History and Information about Morse Code

History and information about Morse Code a system of communications based on dots and dashes, the international and American alphabet included.

Morse Code

In 1844, S. F. B. Morse demonstrated to the U.S. Congress the feasibility of sending a message ("What hath God wrought") over a wire from Washington to Baltimore. Today there are 2 versions of Morse's original code: the General Service or International Morse Code, and the American Morse Code.

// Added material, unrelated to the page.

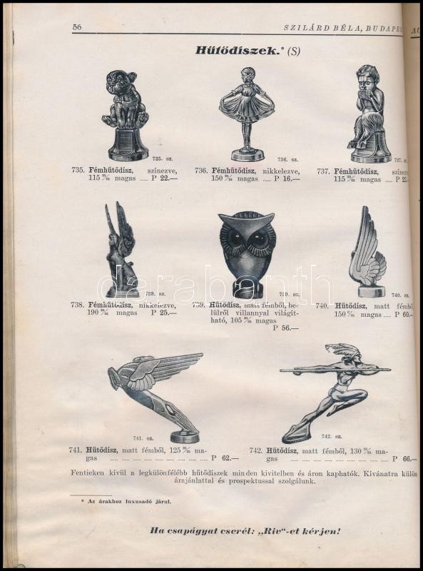1929-30 Szilárd Béla autófelszerelések képes árjegyzéke. 102p. Keményk... https://www.darabanth.com/de/29-Gross-Auktion/29.1/Andere-Sammelgebiete/Drucksachen~11787/1929-30-Szilard-Bela-autofelszerelesek-kepes-arjegyzeke-102p-Kemenykotesben-egy-oldalo~II1765087

These codes have an alphabet made up of dots and dashes in various combinations which stand for individual letters. The Morse Code is so widely used that it does not qualify as a "secret" language, but it can be very mystifying to one who does not know it. It has a definite advantage over the Semaphore Code in that it can be sent in many ways--by whistle, buzzer, tapping, flags, or even by using the clenched and open hand during daylight hours. By night, lights of any kind can be used.

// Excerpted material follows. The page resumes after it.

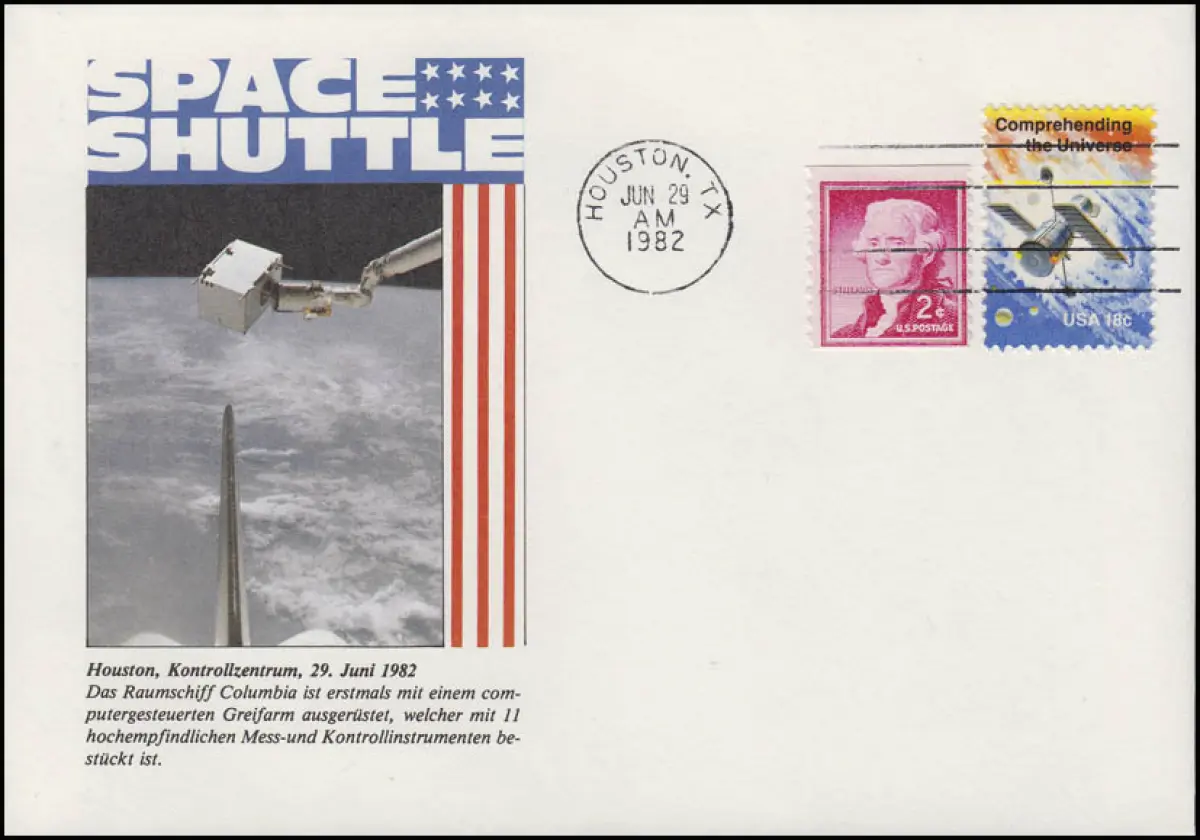 USA: Space Shuttle Columbia avec bras de préhension robotisé, Lettre de bijoux 1982

The flag is generally a square with a smaller square of a 2nd color in the center. White with a smaller square of red shows up well against dark backgrounds (woods, for instance) while red with a smaller square of white shows up well against light backgrounds (such as sky or a light wall).

There are 3 motions used with the flag and all start from and return to a perpendicular position in front of the sender. To make a dot, the flag is swung down to the right and brought back to position. To make a dash, the flag is swung down to the left and brought back to position. An interval is made by swinging the flag down directly in front and returning it to the original position. "Fouling" is avoided by making a figure "8" with the point of the stick while swinging. There are no pauses between dots and dashes, but a pause is made to indicate the completion of a letter. One interval, front, means end of word. Two intervals mean completion of sentence. Three intervals mean end of message.

MORSE CODE

International American

A .- .-

B -... -...

C -.-. .. .

D -.. -..

E . .

F ..-. .-.

G --. --.

H .... ....

I .. ..

J .--- -.-.

K -.- -.-

L .-.. -(=5 dots)

M -- --

N -. -.

O --- . .

P .--. .....

Q --.- ..-.

R .-. . ..

S ... ...

T - -

U ..- ..-

V ...- ...-

W .-- .--

X -..- .-..

Y -.-- .. ..

Z --.. ... .

1 .---- .--.

2 ..--- ..-..

3 ...-- ...-.

4 ....- ....-

5 ..... ---

6 -.... ......

7 --... --..

8 ---.. -....

9 ----. -..-

0 ----- -(=7 dots)

period .. .. .. ..--..

comma .-.-.- .-.-

quotation marks .-..-. .-..-.

colon ---... ---...

semicolon -.-.-. -.-.-.

question mark ..--.. ..--..

To use a flashlight, use a short flash for the dot and a longer flash for the dash. There is a 3-dot pause between letters and a 5-dot pause between words. A longer pause indicates end of sentence. With a whistle, a short blast indicates a dot, a long blast a dash. The same pauses are used as with a flashlight. A lantern is used more or less like a flag: for a dot, it is swung to the right; for a dash, to the left; and for the interval, it is moved down and up in a vertical line in front of the sender.

The 1st letters to learn are E, I, S, H (. , . ., . . . , . . . .) and T, M, O (-,--,---), and these 7 letters can be used to form many words such as: is, it, sometimes, this, them, home, see. Accuracy is more important than speed, and speed will come with practice anyway!